• DATA FOR THIS EXERCISE:
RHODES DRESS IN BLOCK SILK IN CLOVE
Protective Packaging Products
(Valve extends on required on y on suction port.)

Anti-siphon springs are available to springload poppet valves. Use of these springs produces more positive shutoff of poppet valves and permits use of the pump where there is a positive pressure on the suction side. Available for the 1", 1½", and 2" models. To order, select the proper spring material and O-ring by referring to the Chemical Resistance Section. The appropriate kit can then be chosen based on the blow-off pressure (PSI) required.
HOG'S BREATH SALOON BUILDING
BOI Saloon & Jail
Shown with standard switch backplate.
...
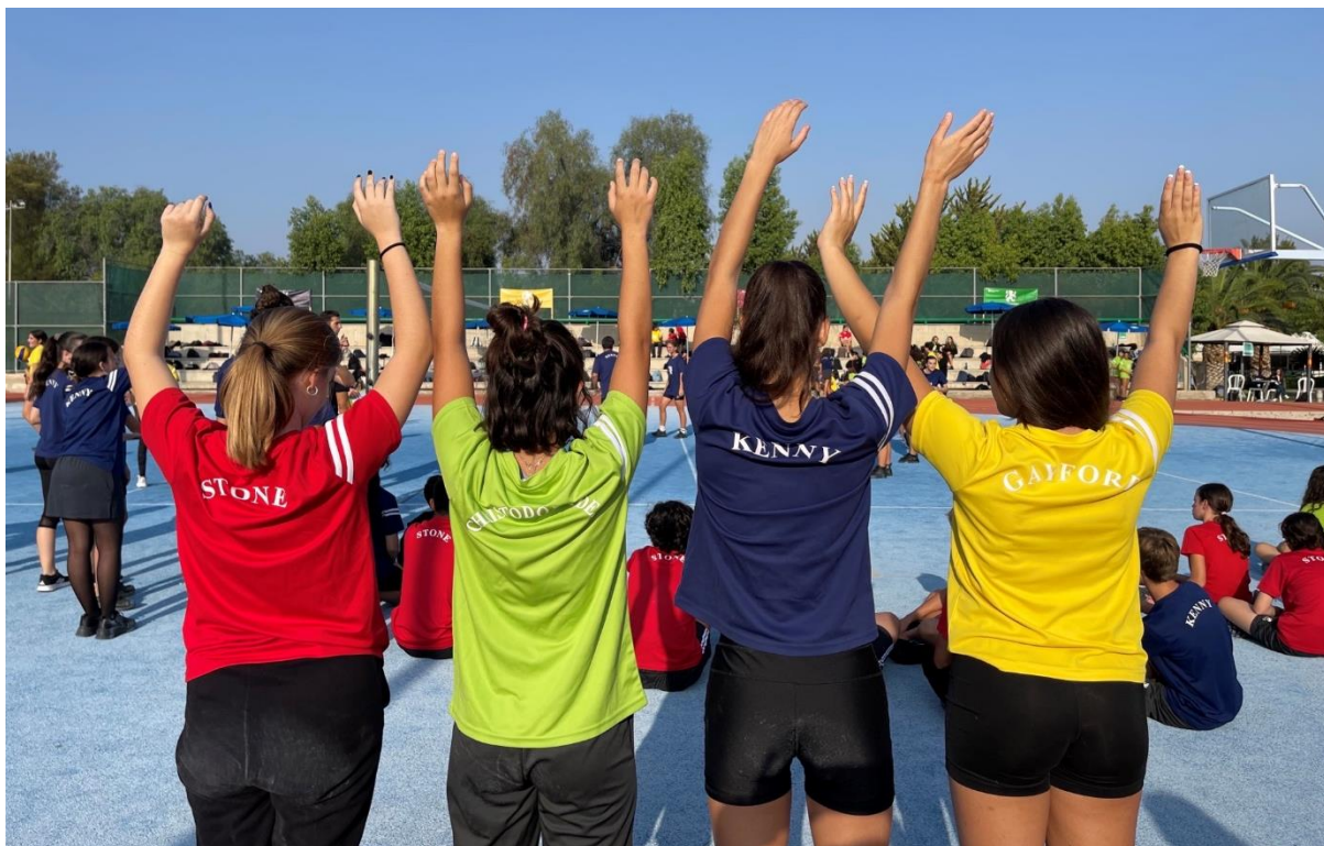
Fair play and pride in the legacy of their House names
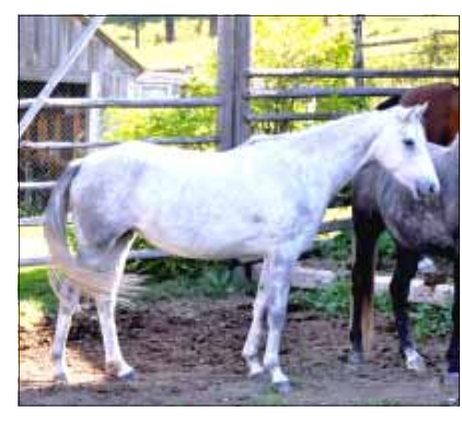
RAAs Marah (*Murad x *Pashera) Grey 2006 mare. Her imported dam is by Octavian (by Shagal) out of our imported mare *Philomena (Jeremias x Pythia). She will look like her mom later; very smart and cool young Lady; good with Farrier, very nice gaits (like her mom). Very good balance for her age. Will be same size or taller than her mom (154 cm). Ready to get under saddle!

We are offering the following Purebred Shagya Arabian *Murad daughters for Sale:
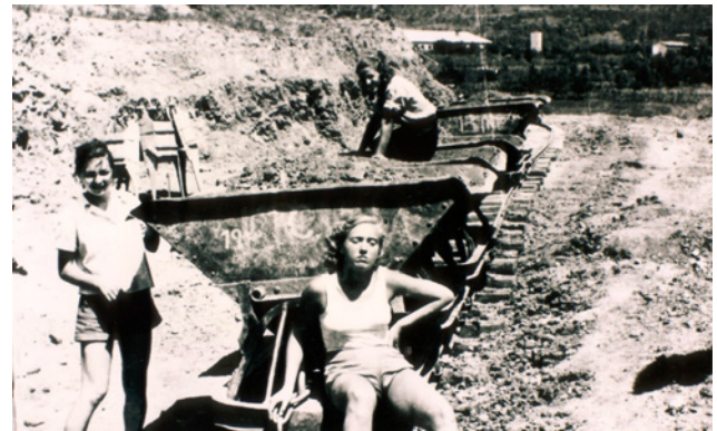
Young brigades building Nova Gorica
---
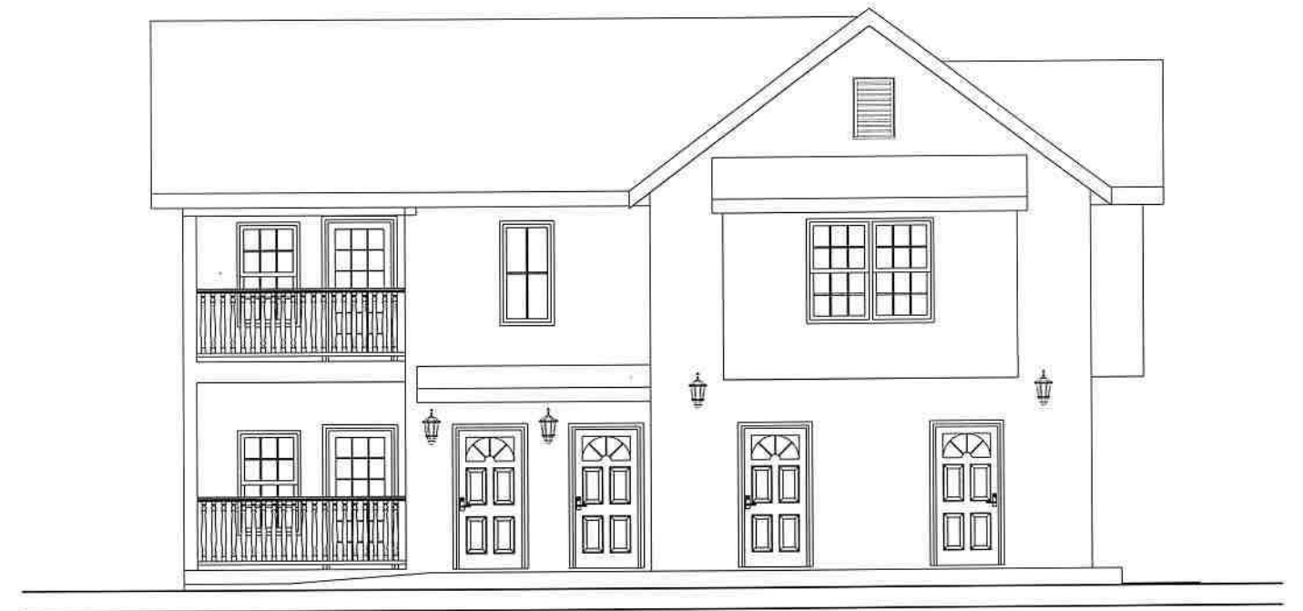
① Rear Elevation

• PROBLEM STATEMENT:
Look above for the line with "RHODES DRESS IN BLOCK SILK IN CLOVE" and the line with "Shown with standard switch backplate.". Retype those two lines and every line between them exactly, adding nothing.

• EXERCISE RESULT:
RHODES DRESS IN BLOCK SILK IN CLOVE
Protective Packaging Products
(Valve extends on required on y on suction port.)

Anti-siphon springs are available to springload poppet valves. Use of these springs produces more positive shutoff of poppet valves and permits use of the pump where there is a positive pressure on the suction side. Available for the 1", 1½", and 2" models. To order, select the proper spring material and O-ring by referring to the Chemical Resistance Section. The appropriate kit can then be chosen based on the blow-off pressure (PSI) required.
HOG'S BREATH SALOON BUILDING
BOI Saloon & Jail
Shown with standard switch backplate.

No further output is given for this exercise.